Overall, the results provide significant new evidence that viral persistence is associated with Long COVID and that the quantity of virus remaining in tissues is associated with the risk of developing Long COVID. It is important to emphasize that the researchers studied patients with mild COVID-19 disease. These were not patients with severe symptoms or who died or who were hospitalized for COVID-19.
Despite having mild COVID-19 and an overall complete vaccination rate of 83 percent, 34 percent of patients developed Long COVID.
The study design addresses many limitations of prior studies, especially that most prior studies were conducted on autopsy specimens from patients who died from COVID-19. The prior studies that did include living patients recovered virus from respiratory and stomach specimens and thus were not able to look at the diverse array of solid organ specimens that this study examined.
The study was also able to address prior conjectures on blood disorders as well as identify potential mechanisms of how viral persistence leads to Long COVID symptoms. The mechanism appears to be disruption of host cell functions, although future research is needed to confirm this finding.
The study confirms the dangerousness of the SARS-CoV-2 virus and thus the criminality of the ruling class who made a conscious, deliberate decision to let the virus spread indiscriminately throughout the entire human population. The dereliction of duty to protect the public’s health by implementing well-known public health best practices developed over centuries is inexcusable.

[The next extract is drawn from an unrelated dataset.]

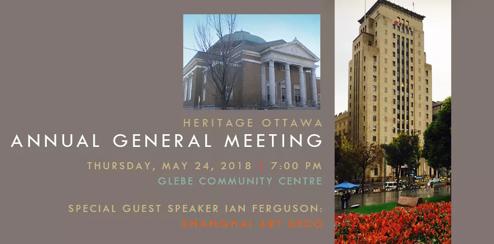 Heritage Ottawa invites members and their guests to attend its Annual General Meeting on Thursday, May 24 at the Glebe Community Centre, beginning at 7:00 pm.

It serves as further confirmation that capitalism is inconsistent with protecting human health and even survival in the face of the current COVID-19 pandemic and the increasing threat of future pandemics. Even now, the H5N1 avian influenza virus has adapted to multiple mammal species including cows, dolphins, sea lions, seals, minks, grizzly bears, coyotes, and red foxes. And yet the Centers for Disease Control is hardly taking seriously the threat of adaptation to humans with human-to-human transmission.
The working class must replace capitalism with a socialist program that prioritizes human health and needs over private profit. Otherwise, humanity will remain highly vulnerable to the ravages of pandemic viruses such as SARS-CoV-2 and emerging threats such as H5N1.